▸ **Supplied material**
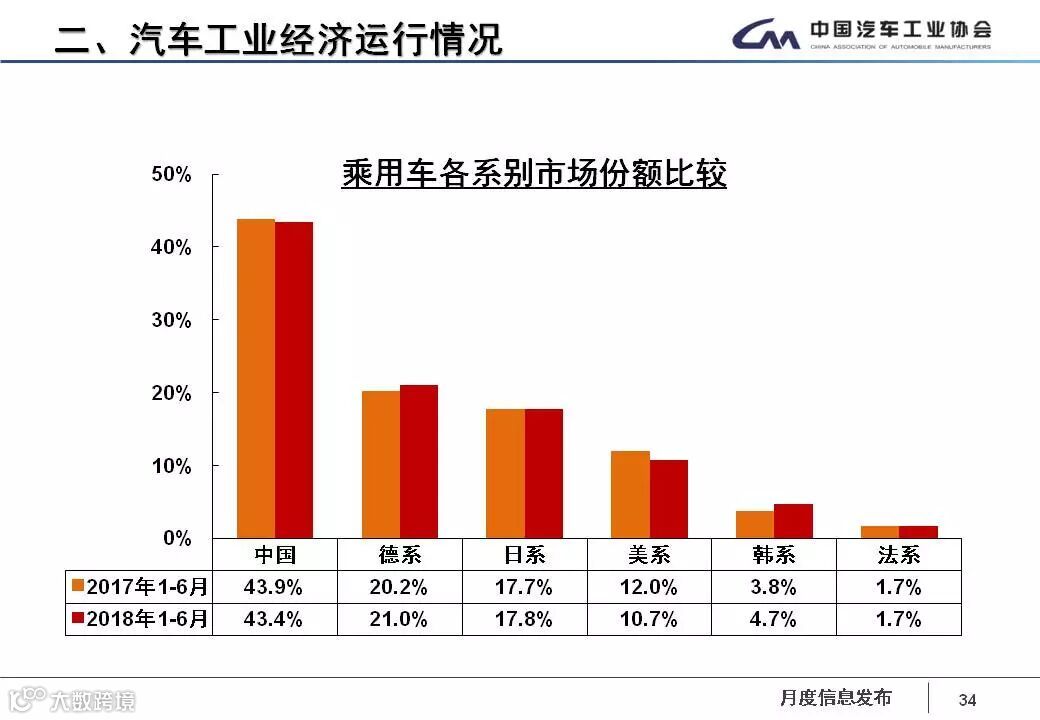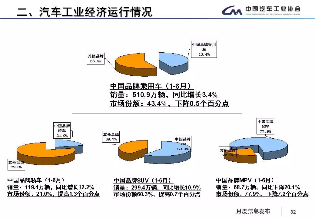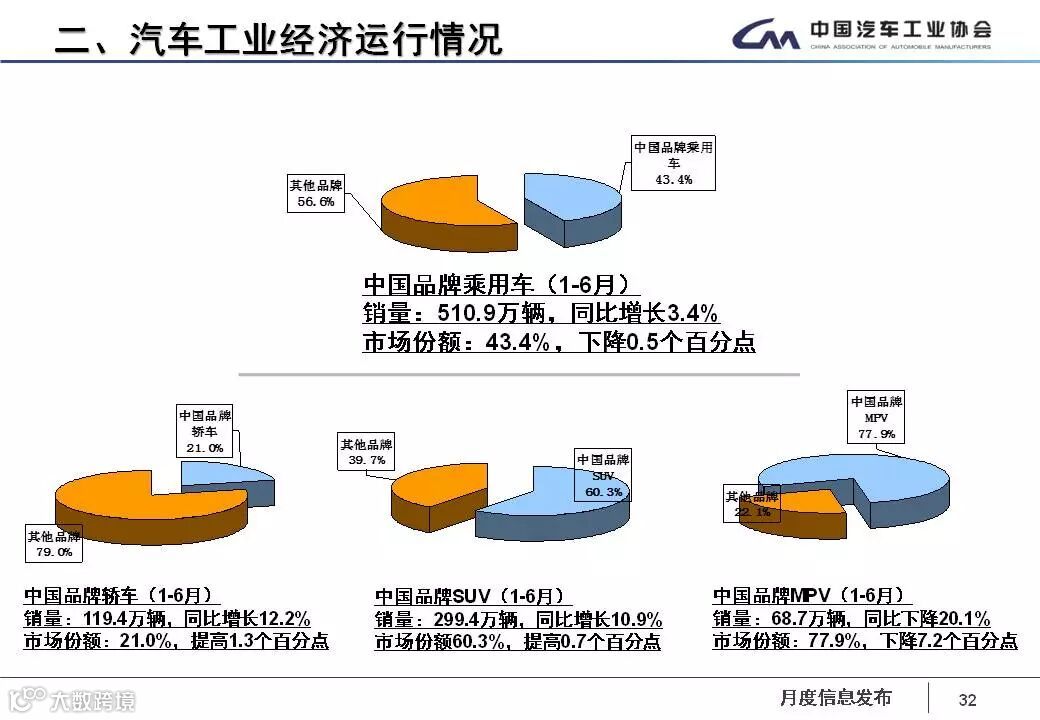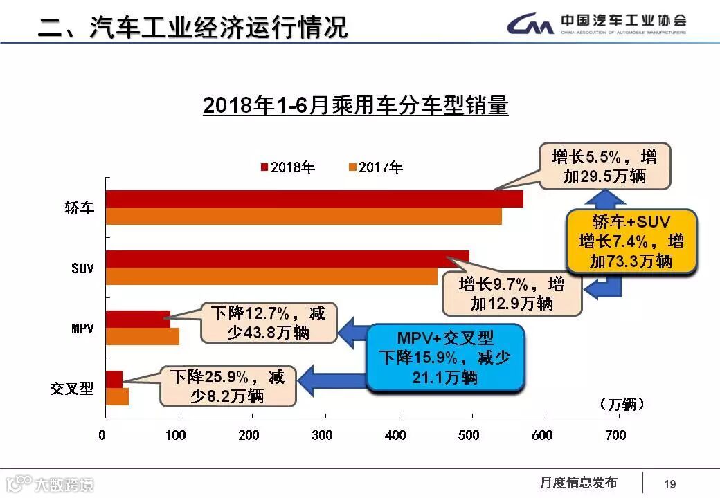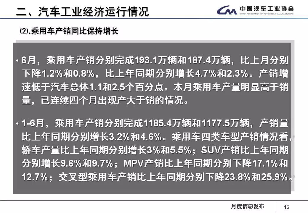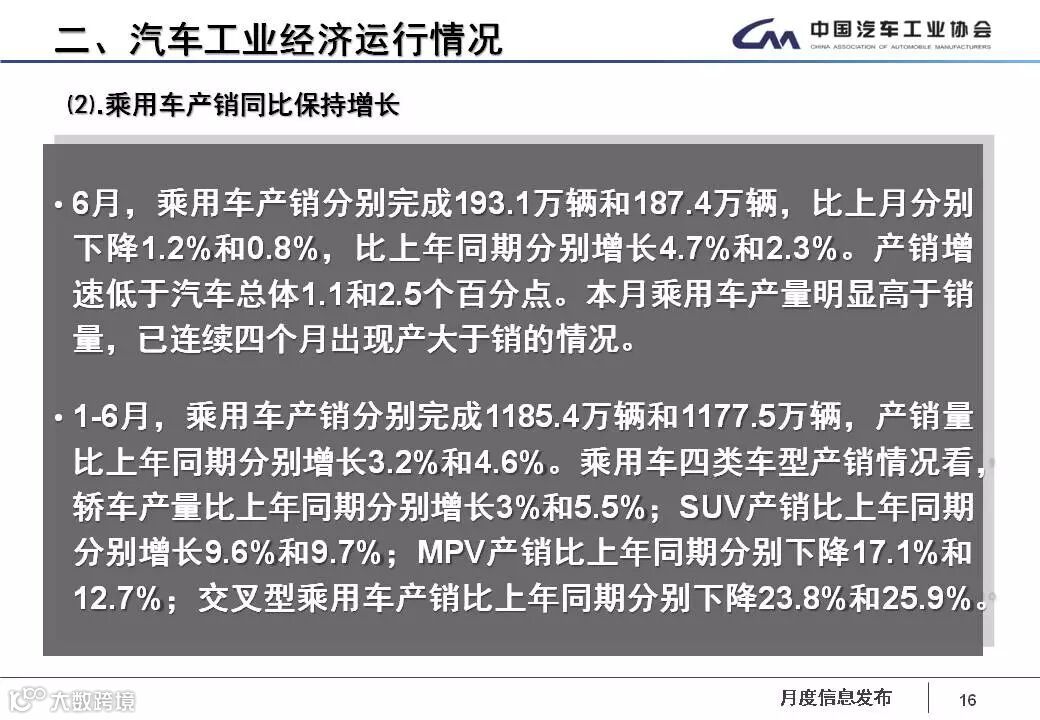 ➁ 乘用车:6月销量187.42万辆,增长2.31%;1-6月销量1177.53万辆,增长4.64%
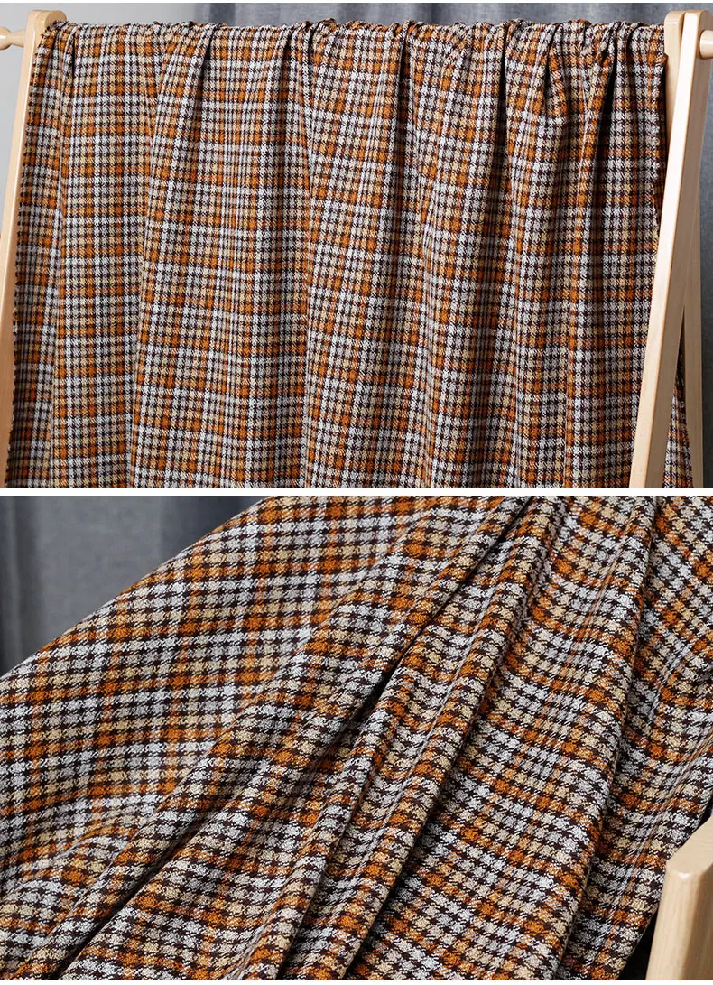 Новая окрашенная пряжа шерстяная ткань в клетку Оранжевая осень-зима пальто юбка одежда высококачественная ткань на заказ красота
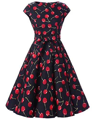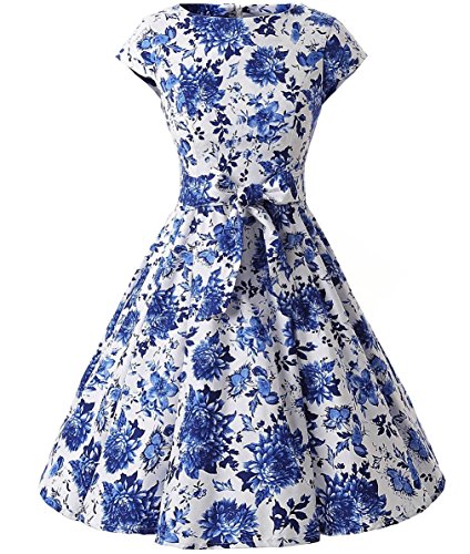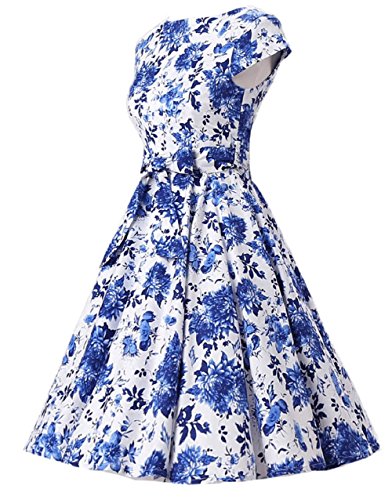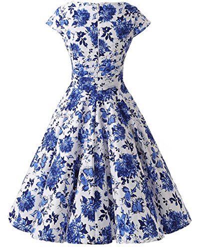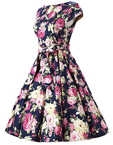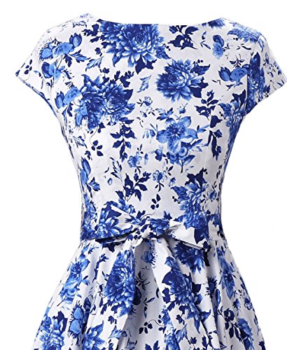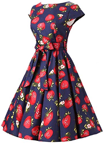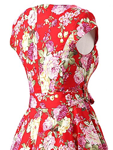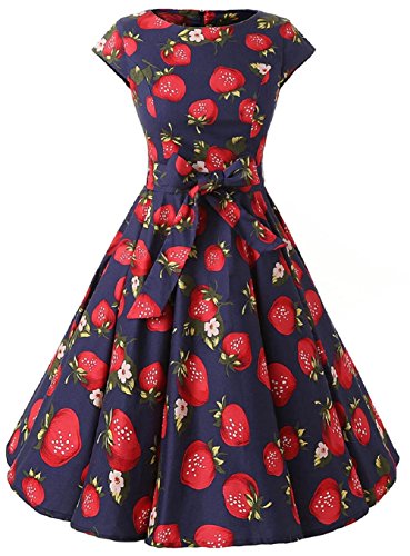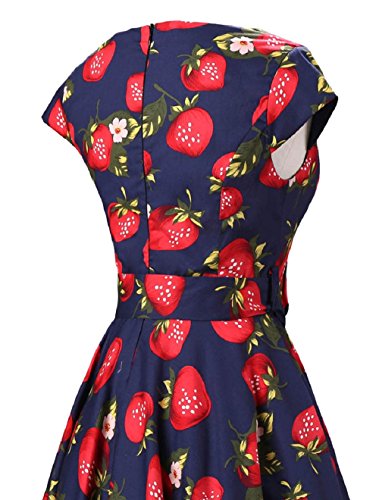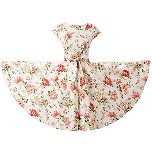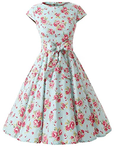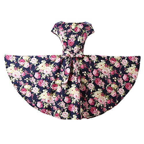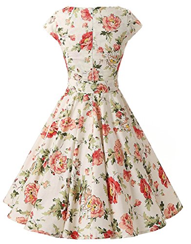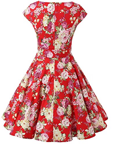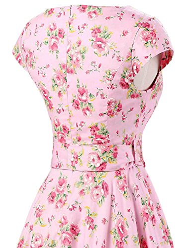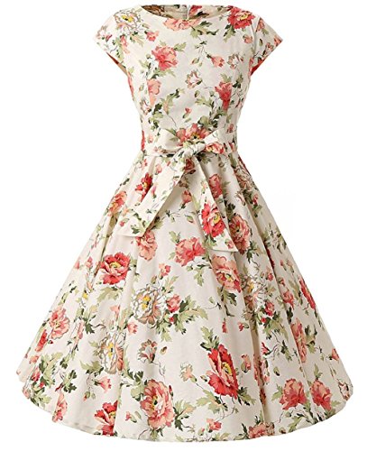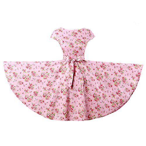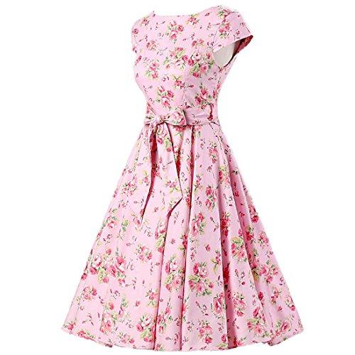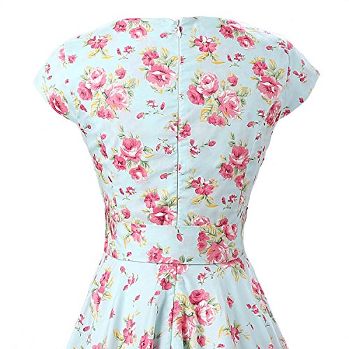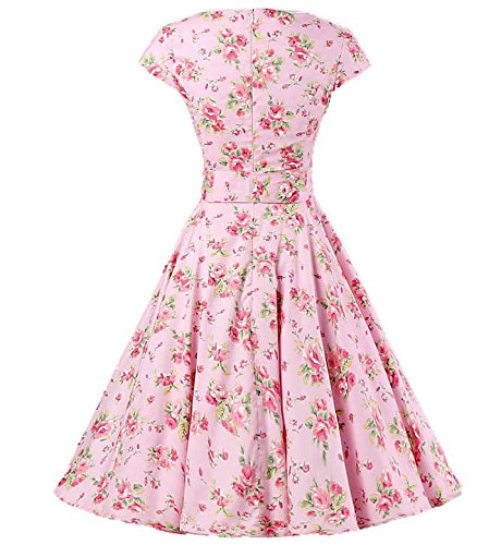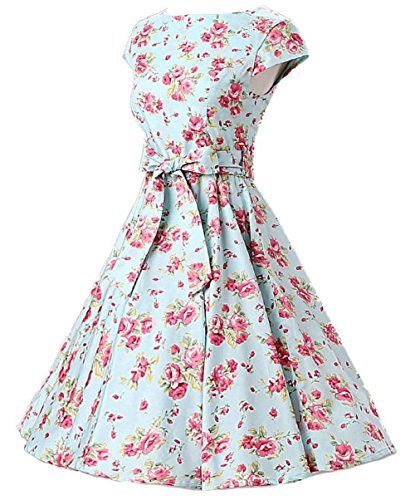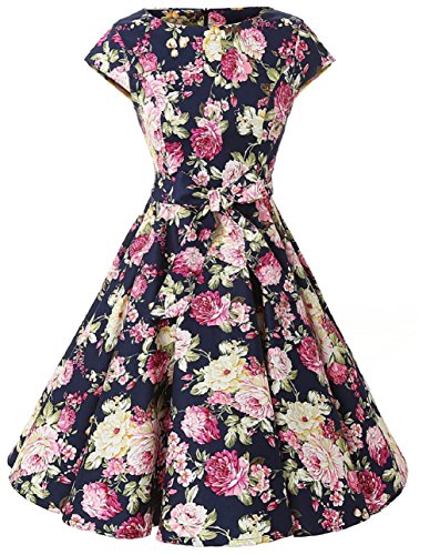 | Ensnovo Women Cap Sleeve 50s Floral Vintage Rockabilly Swing Cocktail Party Dress |

▸ **Instructions to follow**
All lines of the material above should be returned unchanged, but no pictures should be included.

▸ **Response box**
 ➁ 乘用车:6月销量187.42万辆,增长2.31%;1-6月销量1177.53万辆,增长4.64%
 Новая окрашенная пряжа шерстяная ткань в клетку Оранжевая осень-зима пальто юбка одежда высококачественная ткань на заказ красота
 | Ensnovo Women Cap Sleeve 50s Floral Vintage Rockabilly Swing Cocktail Party Dress |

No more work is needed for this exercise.